Samenvatting domein 7: taalstructuren en welgevormdheid (28 vragen)
7.1 Fonetiek, fonologie, morfologie, semantiek en lexicologie.
Descriptieve grammatica De grammatica die de taalkundige schrijft van een taal geeft de
kennis van alle sprekers weer
Prescriptieve grammatica Schrijft voor welke vormen van een taal goed zijn en welke
niet, anti-verandering
Gemeenschappelijke eigenschappen van talen Universalia
- Alle talen bestaan uit kleine elementen (klanken, handvormen)
- Alle gesproken talen hebben klinkers en medeklinkers
- In alle talen kan men een bezwering ontkennen, vragen stellen en bevelen geven
- Alle talen hebben woorden voor zwart, wit, donker en licht
Onomatopee(ën) klanknabootsende woorden (kukeleku, niezen, tsjilpen) het woord
weerspiegeld de werkelijke betekenis
Fonetiek technische klankleer, verschil tussen bak en dak, trillingsfrequentie
Fonologie klankleer, welke klanken zijn er/combinaties , hoe klinkt het etc.
Morfologie woordleer, hoe zijn woorden opgebouwd, tafel-tje-s , woord-leer, vervoeging
ww’en
Semantiek betekenisleer, betekenis van woorden, zinnen en combinaties, relaties tussen
woorden
Syntaxis zinsleer, grammatica, welke onderdelen zitten er in zinnen
Pragmatiek gebruik van taal, hoe gebruik je het
Consonant: medeklinker
Vocaal: klinker
Morfeem: een deel van een woord met een eigen betekenis, dat niet in kleine woorddelen
met eigen betekenissen kan worden opgesplitst.
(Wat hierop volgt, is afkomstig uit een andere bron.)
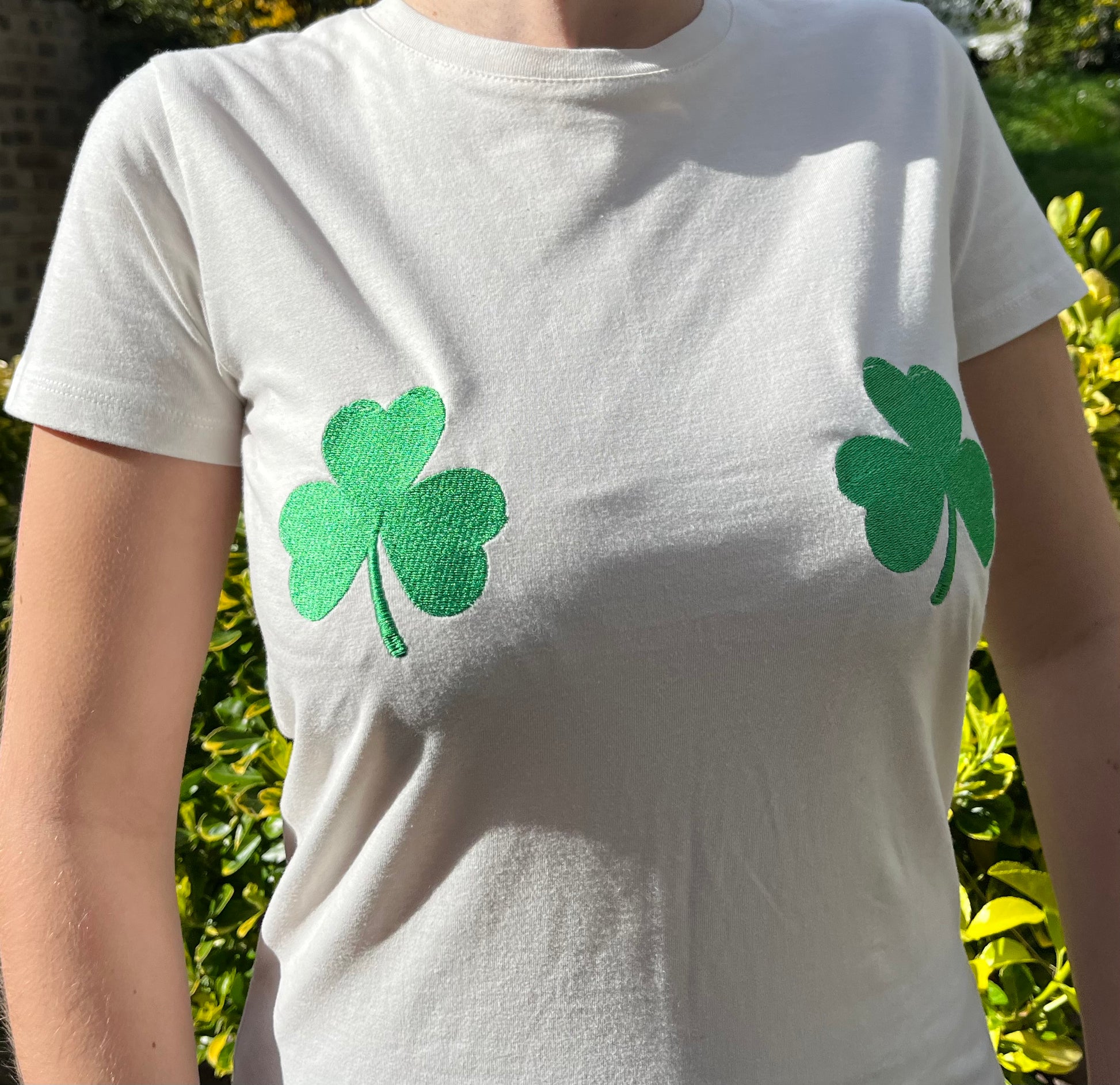 Slight imperfection/ gap in threading on shamrocks, please see photos. Model (Size UK 12) wears Size Medium in a Women's Fitted Tee

- Vrij morfeem: komt als zelfstandig woord voor. (struik in struikrovers)
- Gebonden morfeem: komt uitsluitend voor in een combinatie met een vrij morfeem (-s
in struikrovers).
Prefix (voorvoegsel): gebonden morfemen die voor een vrij morfeem worden geplaatst.
Suffix (achtervoegsel): gebonden morfemen die achter een vrij morfeem worden geplaatst.
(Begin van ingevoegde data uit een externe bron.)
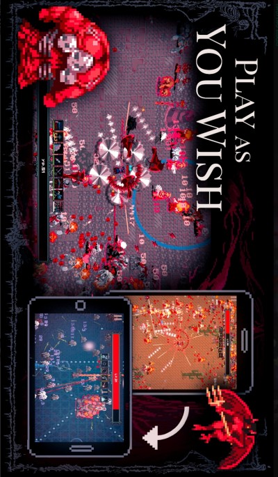 2、从10多个具有独特能力的角色中选择一个来对抗多达400个嗜血的怪物。

Grafeem: een foneem is een spraakklank die wordt geschreven door middel van de
grafemen. In onze taal is dat een letter of lettercombinatie. Ei, eu oe zijn allemaal grafemen.
Het Nederlands kent 34 verschillende fonemen en we hebben daarvoor 26 letters.
Foneem: de kleinste klankeenheid die een verschil in betekenis uit kan maken. Eenvoudige
voorbeelden van fonemen in de Nederlandse taal zijn de /b/ in /bak/ en de /d/ in /dak/: de /b/
respectievelijk de /d/ zorgen er als enige voor, dat het woord een andere betekenis krijgt, dus
zijn dit fonemen
Allofoon: varianten van hetzelfde foneem (uitspraakverschillen) die geen betekenisverschil
met zich meebrengen. De –k in kit en in kat wordt anders uitgesproken en op een andere
plaats in de mond. Als je de ene –k verandert door de andere k- blijft de betekenis gelijkt.